We’ve all been tempted with a “pick me up” from the candy bowl or cookie jar from time to time, or a plate of French fries as comfort food. But are those foods making us feel better? Or are they actually pushing us down?
Research published in the British Journal of Psychiatry found that study participants who consumed the most sweet desserts, chocolates, high-fat dairy products such as cheese, and processed foods such as meats, fried foods, and refined cereals were more likely to be depressed than those who consumed a whole-food diet of fruits, vegetables, and fish.
Additional research in Scientific Reports confirmed that increasing consumption of higher-sugar foods over time actually played a part in causing depression, rather than just having an association. While the reasoning is not yet known, it could be due to increased inflammation, the addiction-like effects of sugar on the brain’s neurotransmitters, or the effects of sugar highs and lows.
You may recall experiences of a “sugar crash” or “food coma” after consumption (or overconsumption) of high-sugar and high-fat foods. More research is needed into the short-term effects. However, research into chronic fatigue syndrome, published in the Journal of Nutrition and Dietetics, found that the majority of sufferers consumed high intakes of unhealthy fats and low intakes of fiber, fruit, and vegetables.

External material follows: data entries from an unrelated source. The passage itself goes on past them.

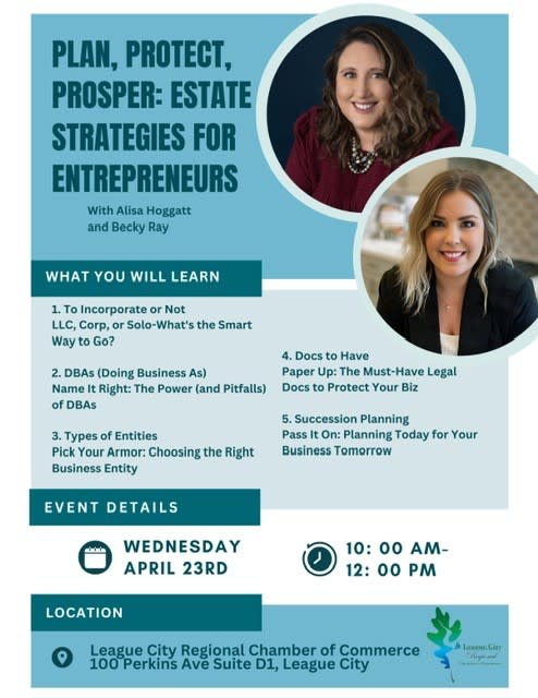 Join estate planning attorney, Alisa Hoggett, as she goes into what an estate attorney can do for you, documents you should have, and more. We will finish with a Q&A.
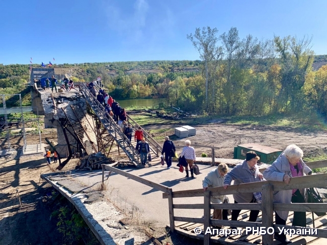 Данилюк сообщил, что, по его мнению, ремонт моста должен завершиться как можно быстрее, потому что ежедневно более 10 тысяч человек переходят через него, рискуя здоровьем и жизнью. Также секретарь СНБО побывал в пгт Золотое и заслушал информацию о ситуации на участках разведения войск.
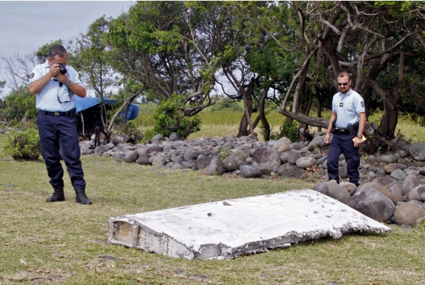 | Một mảnh cánh máy bay được tìm thấy trên đảo Reunion. Ảnh: AP |
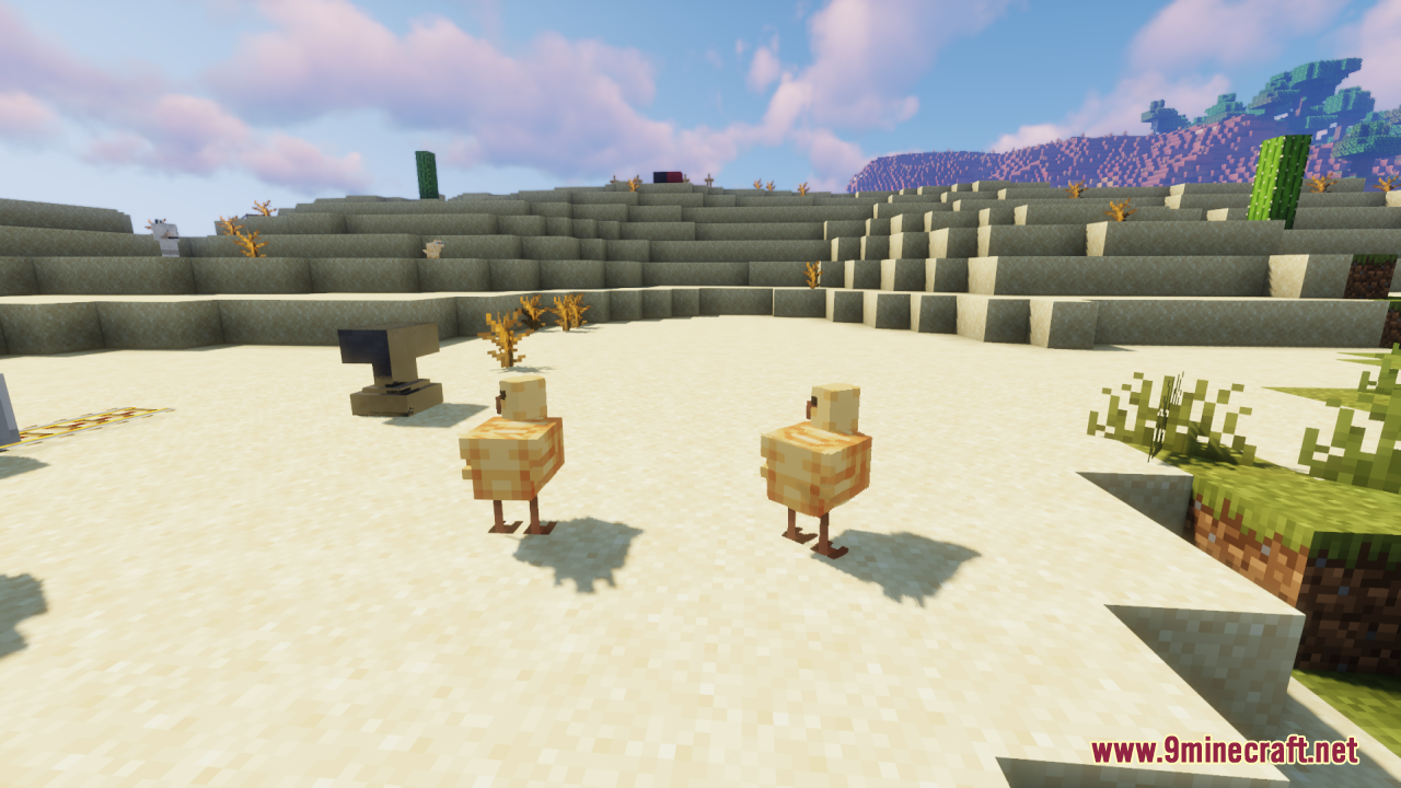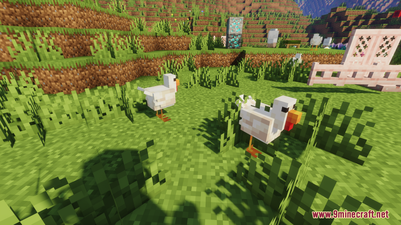 Clukin’ Chicks Resource Pack (1.21.11, 1.20.1) refreshes the look of baby chickens by giving them cuter, more detailed, and more expressive textures while keeping their original behavior and animations. Instead of the plain vanilla look, baby chicks now appear with bigger eyes, fluffier bodies, and an overall more adorable aesthetic that stands out in flocks and makes farm areas feel more lively and heartwarming. In general, it is perfect for players who love small but delightful visual upgrades to their world’s animal life.
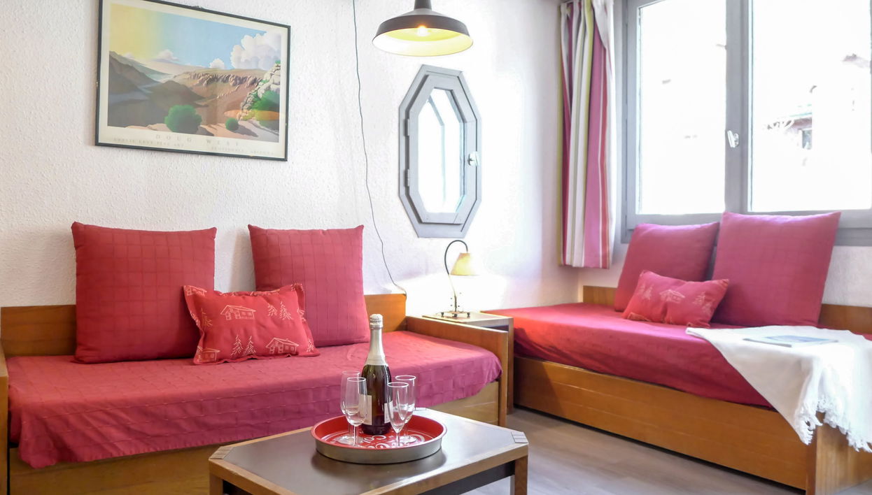 Apt 2 pièces 28 m2 au 2ème étage. Salle à manger avec 2 lits (80 cm, longueur 190 cm), TV. Sortie sur le balcon. Alcôve avec 1 grand-lit (140 cm, longueur 190 cm). Coin cuisine (4 plaques de cuisson, lave-vaisselle, bouilloire électrique, micro-ondes, cafetière électrique). Salle de bains, WC séparé. Chauffage électrique. Petit balcon, situation sud. Belle vue sur les montagnes. A disposition: Internet (Connexion WIFI, en sus). Veuillez noter: pas de parking. TV seulement FR. Détecteur de fumée. Au lieu d'une chambre fermée, des espaces de couchage sont situés dans une zone ouverte (galerie, alcôve...). 74056000620QV

Lastly, research published in Psychiatry Research, consisting mostly of small studies or case studies, found a link between increased anxiety and low-dietary diversity, high sugar, and refined carbohydrate consumption.
Reducing Risk for Depression
Replacing junk food with healthier options can decrease your risk for depression, and perhaps fatigue and anxiety as well. Starting with high-sugar choices, “Replace cakes and pies with homemade desserts based on fruits, such as roasted apples topped with cinnamon,” says Jenna Rosenfeld, a registered dietitian at NewYork-Presbyterian Hospital/Weill Cornell. Also, “replace candy with unsweetened dark chocolate and refined sweetened cereals with oatmeal or homemade granola made with nuts and seeds (using only a small amount of honey or sweetener).”
Choosing higher-quality or lower‑fat foods also can help improve mood and energy. “Sauté or roast foods with olive oil, avocado oil, or grapeseed oil in place of frying,” says Rosenfeld. “Also, choose fatty fish such as tuna, sardines, and salmon, unprocessed chicken breasts or turkey in place of processed or red meats. And make lower-fat choices such as skim or plant-based milks in place of full-fat dairy products.”
Consuming brain-healthy foods such as fresh fruits, vegetables, whole grains, and lean proteins, exercising regularly, and avoiding mood-altering substances such as alcohol and drugs can aid in your complete mental-health plan.
WHAT YOU SHOULD KNOW
Other contributing factors to avoid:
Excessive alcohol intake. Alcohol, by definition, is a depressant. Some may find that it provides short-term relief from anxiety and stress. However, excessive or long-term use is linked with fatigue and depression. Hangovers have been linked with increased fatigue and anxiety.
Caffeine. In small doses, caffeine can act as a stimulant. However, it also inhibits serotonin in the brain and, over time, acts as a depressant. Due to its diuretic effects, caffeine increases dehydration, which is a known contributor to a depressed effect and fatigue, so stay hydrated with eight to 10 8-ounces glasses of fluid a day.